But not every employee of the grocer was quite so willing to… humor him.

“He came through my line like halfway through my shift,” says cashier Denise Brown. “I was like six minutes away from my break and I wasn’t feelin’ it with anyone at the moment. He unloaded his basket on my belt and asked me how my day was going. I said ‘fine’ and started scanning.”

It was then that fate decided to throw a computer glitch into Peters’s fragile world.

“I tried to scan a jar of pickles or something,” says Brown, “and it didn’t go through. So I tried like two or three more times and I kept getting an error.”

Garrison Peters, as hilarious and quick-witted as he was, couldn’t let this prime opportunity pass him by.

“Oh, did it not scan?” he said, barely able to contain his own giggles. “Guess it must be free then!”

Brown didn’t respond as she performed a lookup on her terminal and continued scanning items.

“It’s not though, is it?” said Peters not sure if the cashier had heard his zinger.

“What?” said Brown looking up from the belt.

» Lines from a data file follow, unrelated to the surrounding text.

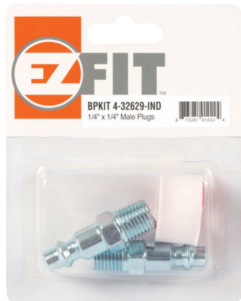
BP Accessory Kit #4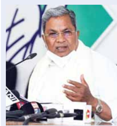
The criticism from business and industry forced the Karnataka government to put the contentious reservation bill for

Kannadigas in private firms on hold. The Karnataka State Employment of Local Candidates in the Industries, Factories, and Other Establishments Bill, 2024, was cleared by the state cabinet. According to the bill, "any industry, factory, or other establishment shall appoint 50 percent of local candidates in management categories and 70 percent in non-management categories."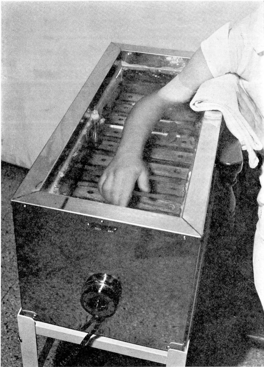
FIGURE 1: Paraffin bath for hand and arm.

(6 to 8 pounds) and the lower part with hot water. Heat until almost all the paraffin is melted but be sure an unmelted piece remains. This is important if burns are to be avoided. Remove from fire, leaving water in bottom of boiler.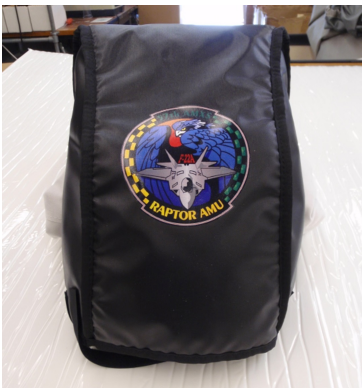
F-22 Raptor HUD Cover, padded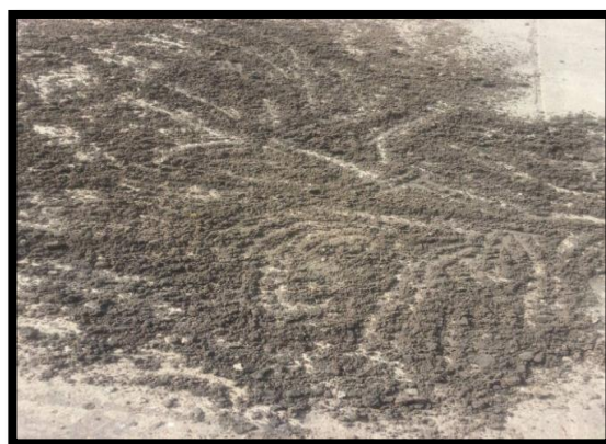
Plate 2: Air drying of coltant at warehouse

“Is it free?” asked Peters, feeling flush and droplets of sweat form on his brown. “Because it didn’t scan, does that mean it’s free?”

“No,” said Brown as she totaled the order.

“You know, because–”

“That’ll be $98.74,” said Brown, staring intently at Peters.

“Yeah, okay, sure,” he said, his mouth drying out. He fumbled with his card in the reader as his hands shook, apologizing for putting it in backwards. He paid for his transaction, grabbed his bags, and left the store.

“That crap was brutal,” said Phillip Cottrell who was behind Peters in line, “genuinely hard to watch. I tried to catch his eye and like give him a smile, but he didn’t look. You could literally see the poor man break.”

“He was right though,” said nearby customer Angela Shaw. “When something fails to scan twice it’s free. That’s the law. I’d have asked for the manager.”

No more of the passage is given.